En décembre dernier, la Fidex alertait déjà sur les difficultés rencontrées par les services (mandatés par les Communautés et les Régions) pour remplir leurs missions auprès des personnes détenues. Leur travail est encadré par des accords de coopération conclus entre l’État fédéral et les entités fédérées compétentes. En application de ceux-ci, l’accès aux établissements pénitentiaires doit leur être garanti, y compris « dans des situations d’urgence et de crise, lors de grèves et de mouvements sociaux »,comme le précise l’accord entre l’État fédéral, la Communauté française et la Région wallonne.

914 détenus pour 840 places

À Saint-Gilles, on a poussé (un peu artificiellement) les murs de la maison d’arrêt au départ prévue pour 509 détenus pour atteindre une capacité de 840 places, mais sans ouvrir de nouvelles cellules. Malgré cela, début février, on dénombrait 886 détenus. Ce mercredi, ils sont… 914, nous précise l’administration pénitentiaire.

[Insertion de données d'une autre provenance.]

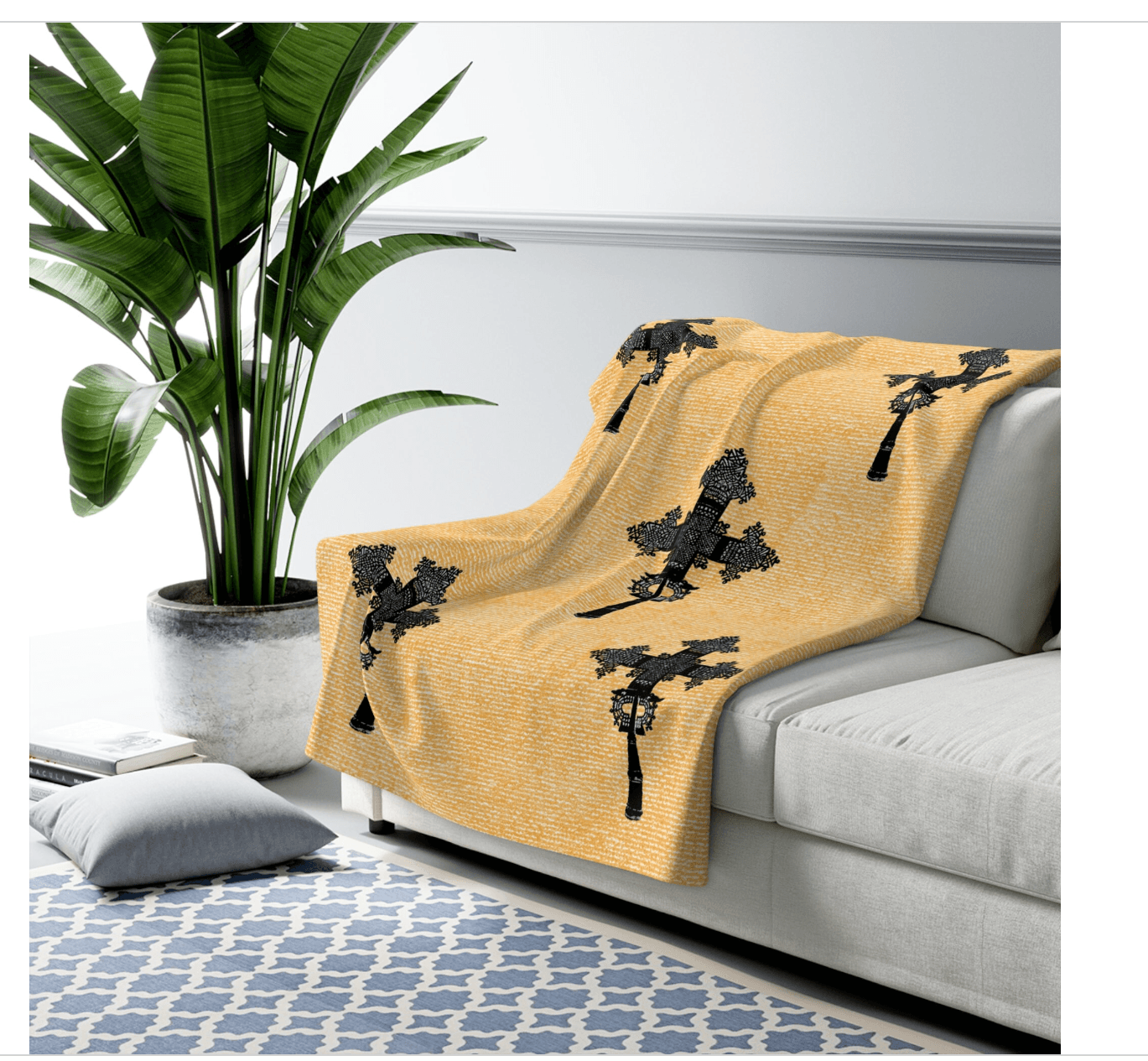 Ethiopian Cross Tilf design Velveteen Plush Blanket| Present, Cute Holiday Gift Idea, Custom Corporate Gift

Il faut savoir qu’au sein de la prison, dès que le nombre de détenus grimpe au-dessus de 850, les syndicats d’agents pénitentiaires bloquent et menacent de se mettre en grève.
Résultat : depuis le 15 juin, il n’y a plus que… 5 travailleurs sociaux des services externes qui peuvent accéder à la prison par demi-journée alors que les besoins d’accompagnement des détenus sont énormes. Autre souci : les entretiens doivent se tenir dans ce qu’on appelle le « couloir social » qui ne garantit en rien la confidentialité des échanges.

Une nouvelle détérioration des droits des détenus

« Les difficiles conditions de travail en prison ne peuvent pas être compensées par une nouvelle détérioration de l’exercice des droits des personnes détenues », proteste Kris Meurant, président de la Fidex. Les membres de la Fidex ne contestent pas que les directions et les agents de surveillance pénitentiaire sont confrontés à de grosses difficultés, mais cette « solution » est une mauvaise réponse face à la surpopulation, insiste la Fédération.« Nous rappelons que cette situation est au quotidien au moins aussi pénible pour les détenus ». Ceux-ci se voient injustement privés d’une aide à laquelle ils ont à la fois droit et grand besoin. La loi de principes de 2005 dispose en effet qu’« il convient d’empêcher les effets préjudiciables évitables de la détention » et que les personnes détenues ont droit à une aide psycho-sociale, que fournissent précisément les services externes.

La Fidex appelle donc les autorités à revenir sur leur décision et à autoriser les services externes à accéder aux détenus et aux ailes de la prison, sans limitation.